- Died: 1724 Tregony
- Occupations: Physician and poet

= James Gibbs (physician) =

English physician and poet

James Gibbs (died 1724) was an English physician and poet.

==Biography==
Gibbs was the son of James Gibbs, vicar of Gorran in Cornwall. He was a student of Exeter College, Oxford. In a letter to Archbishop Tenison, preserved among the manuscripts in Lambeth Library, he solicits Tenison's ‘favour and assistance’ in promoting ‘a new metrical version of the Psalms.’ The letter is undated, but in 1701 the first fifteen of the psalms were published in London, and a second edition followed in 1712. A copy of the latter was discovered in Swift's library, containing some severe marginal criticism by the dean. Gibbs died at Tregony, Cornwall, in 1724.

He published:
- ‘A Consolatory Poem, humbly addressed to Her Royal Highness, Upon the much lamented death of His Most Illustrious Highness, William Duke of Gloucester,’ London, 1700, fol.
- ‘The First Fifteen Psalms of David, translated into Lyric Verse, propos'd as an essay, supplying the Perspicuity and Coherence according to the Modern Art of Poetry … With a Preface containing some observations of the great and general Defectiveness of former Versions in Greek, Latin, and English,’ London, 1701, 4to.

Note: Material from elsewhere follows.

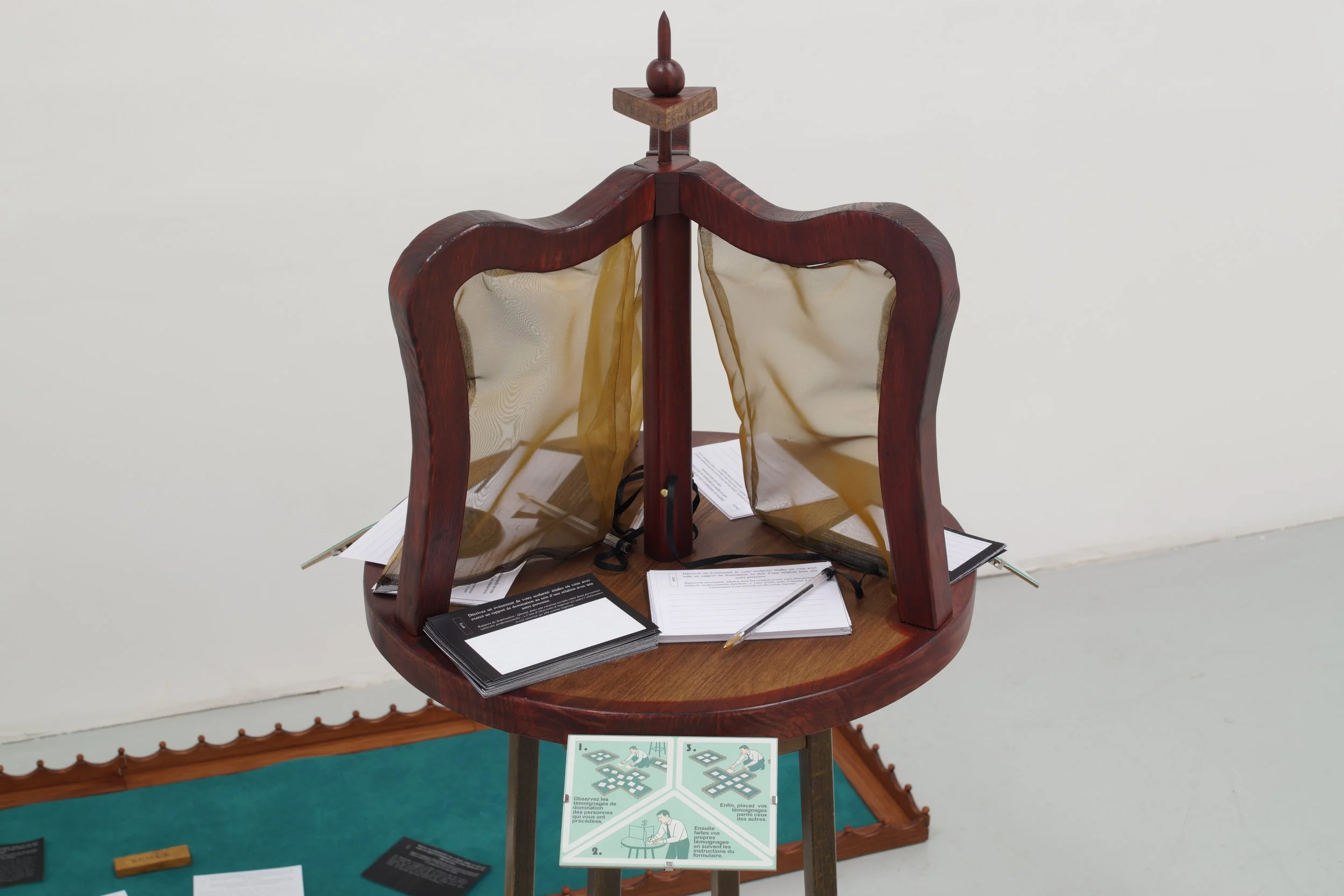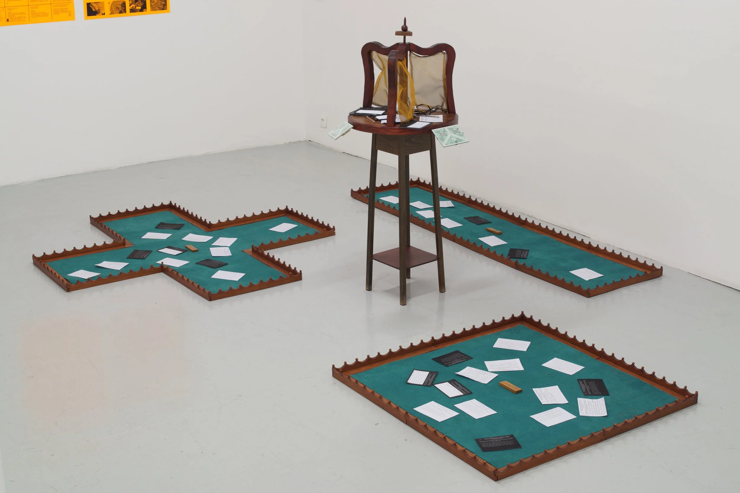Les Beaux-arts de pas pris, Exposition relationnelle, ensemble d’œuvres et règle du jeux, 10x11m, 2023
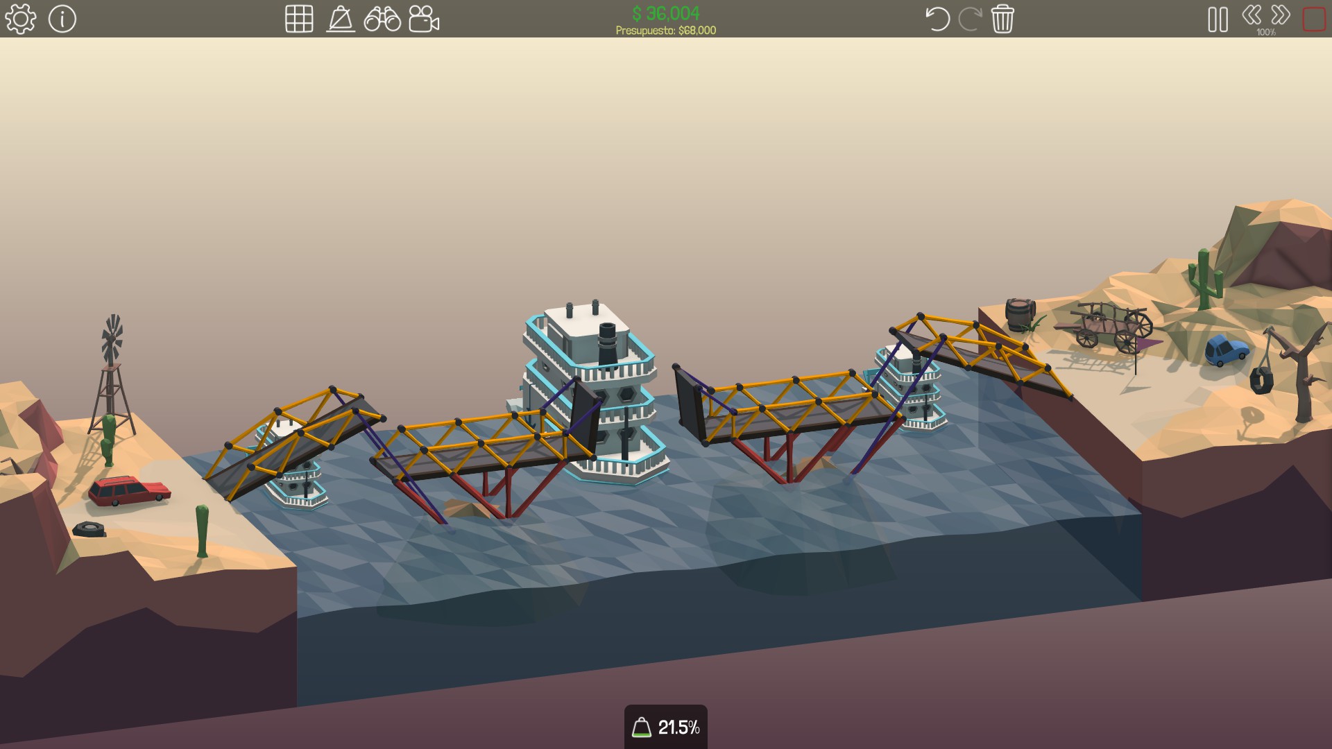 Como mencioné en el párrafo anterior, Poly Bridge divide sus niveles en distintos mundos. En total hay 7 mundos con 15 niveles cada uno, lo que nos da un gran total de 105 niveles dentro de todo el juego. Esto garantiza muchas horas de juego que dependerán de tu habilidad para pensar, pero también de tu lógica. El juego tiene 6 tipos diferentes de materiales para usar en la construcción de los puentes, en algunos niveles algunos tipos de material serán más convenientes de usar que otros, esto depende del o de los vehículos que tengan que avanzar por el puente, ya que como es lógico, cada tipo de vehículo tiene más o menos peso que otros. También habrá obstáculos que tengan que pasar, incluso habrá obstáculos que impedirán que construyas tu puente completamente recto, tendrás que ingeniártelas para crear un puente corredizo, colgante o hasta inclinado.

The title-page of the second edition (1712) states that ‘some of the lords spiritual freely proposed to recommend’ it to ‘parliament and convocation.’
- ‘Observations of various eminent cures of scrophulous distempers, commonly called the King's Evil, such as tumours, ulcers, curiosity of bones, blindness, and consumptions … to which is added An Essay concerning the animal spirits and the cure of convulsions. …’ Exeter, 1712, sm. 4to. It contains an essay written in vindication of a trial at Launceston in 1710 concerning the cure of a lad from Plymouth. Some of the cases relate to persons living at Tregony, Gorran, and other places in Cornwall.

In manuscript are:
- ‘Carmen in honorem principis Poetarum, doct. Gibbesii, cum diploma a Cæsarea Majestate in Musarum templo concessum est,’ Worcester Coll. MS. No. 58, pp. 99–101;
- ‘Proposal of J. Gibbs to the Archbishop of Canterbury for a New Translation of the Psalms, with a printed translation of the first and second Psalm into English verse,’ Lambeth MS. 937, art. 24, 25.